--- RECORDS ---
*** Block opens ***

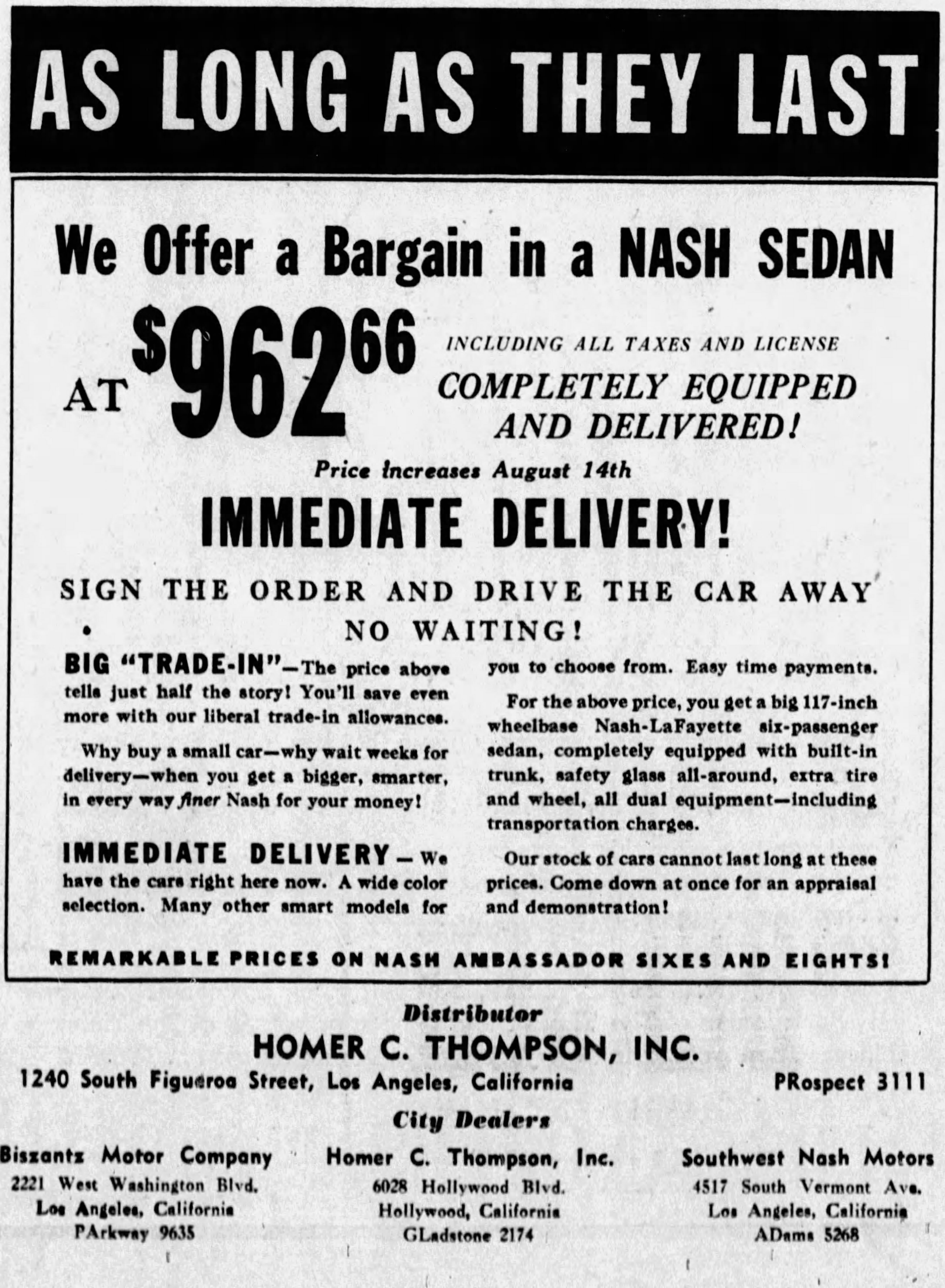On June 22, 1950 it became Hollywood Nash. Nash had previously operated next door at 6028 in 1936 to 1937 when 6032 was a Pontiac dealership. Nash Motors Co. had become Nash-Kelvinator Corporation in January 1937, and operated as the automotive division of Kelvinator, manufacturer of refrigerators and other appliances.
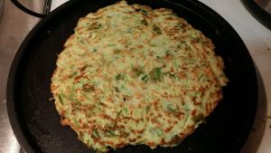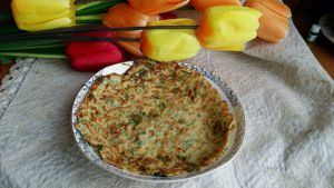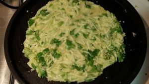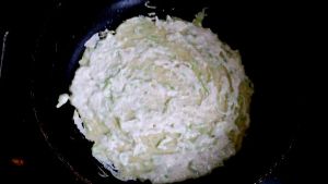 西葫芦洗干净去皮切成大条,用刨丝器把它擦成丝。用一个大盆,打入两个鸡蛋,打散,放入适量面粉,顺着一个方向搅拌,逐步加清水,成浆糊状,放进西葫芦丝,和适量盐,葱花,继续搅拌。面糊越来越稀,因为西葫芦加盐后会出一些水分。调好了备用。
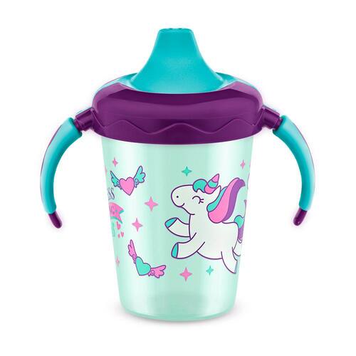 Colabora para que o processo de transição da mamadeira para a caneca ocorra naturalmente. Seu bebedor em material macio possui válvula com sistema antivazamento que impede que o líquido saia sem que a criança sugue, proporcionando a deglutição segura.
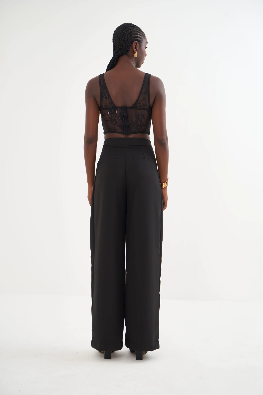 • Para um visual monocromático poderoso, como na imagem, combine com uma calça de alfaiataria preta de cintura alta e pernas amplas. O contraste entre a fluidez da calça e a sensualidade do top é a chave para a sofisticação.
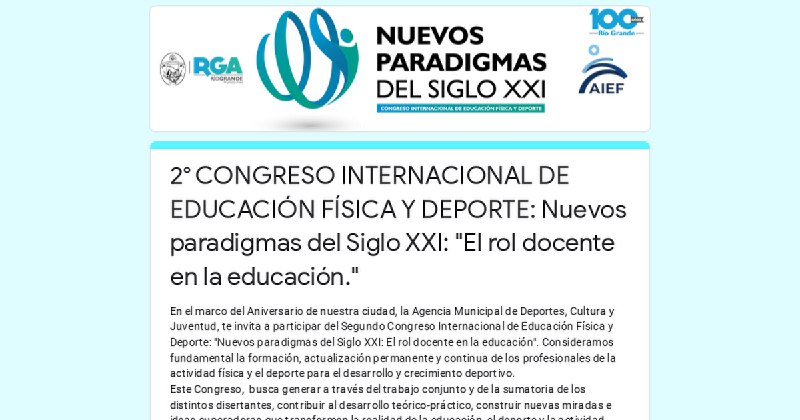 2° CONGRESO INTERNACIONAL DE EDUCACIÓN FÍSICA Y DEPORTE: Nuevos paradigmas del Siglo XXI: «El rol docente en la educación.»
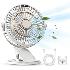 COZII Clip on Fan Rechargeable, Mini USB Desk Fan Silent with 5 Speeds LED Display – 720° Rotatable Powerful Table Fan, 3 in 1 Portable Small Fan for Office, Bedroom, Study, Camping

*** Block closes ***

--- AIM OF THE TASK ---
Skip the pictures and transcribe the rest of the records exactly.

--- YOUR SOLUTION ---
On June 22, 1950 it became Hollywood Nash. Nash had previously operated next door at 6028 in 1936 to 1937 when 6032 was a Pontiac dealership. Nash Motors Co. had become Nash-Kelvinator Corporation in January 1937, and operated as the automotive division of Kelvinator, manufacturer of refrigerators and other appliances.
 西葫芦洗干净去皮切成大条,用刨丝器把它擦成丝。用一个大盆,打入两个鸡蛋,打散,放入适量面粉,顺着一个方向搅拌,逐步加清水,成浆糊状,放进西葫芦丝,和适量盐,葱花,继续搅拌。面糊越来越稀,因为西葫芦加盐后会出一些水分。调好了备用。
 Colabora para que o processo de transição da mamadeira para a caneca ocorra naturalmente. Seu bebedor em material macio possui válvula com sistema antivazamento que impede que o líquido saia sem que a criança sugue, proporcionando a deglutição segura.
 • Para um visual monocromático poderoso, como na imagem, combine com uma calça de alfaiataria preta de cintura alta e pernas amplas. O contraste entre a fluidez da calça e a sensualidade do top é a chave para a sofisticação.
 2° CONGRESO INTERNACIONAL DE EDUCACIÓN FÍSICA Y DEPORTE: Nuevos paradigmas del Siglo XXI: «El rol docente en la educación.»
 COZII Clip on Fan Rechargeable, Mini USB Desk Fan Silent with 5 Speeds LED Display – 720° Rotatable Powerful Table Fan, 3 in 1 Portable Small Fan for Office, Bedroom, Study, Camping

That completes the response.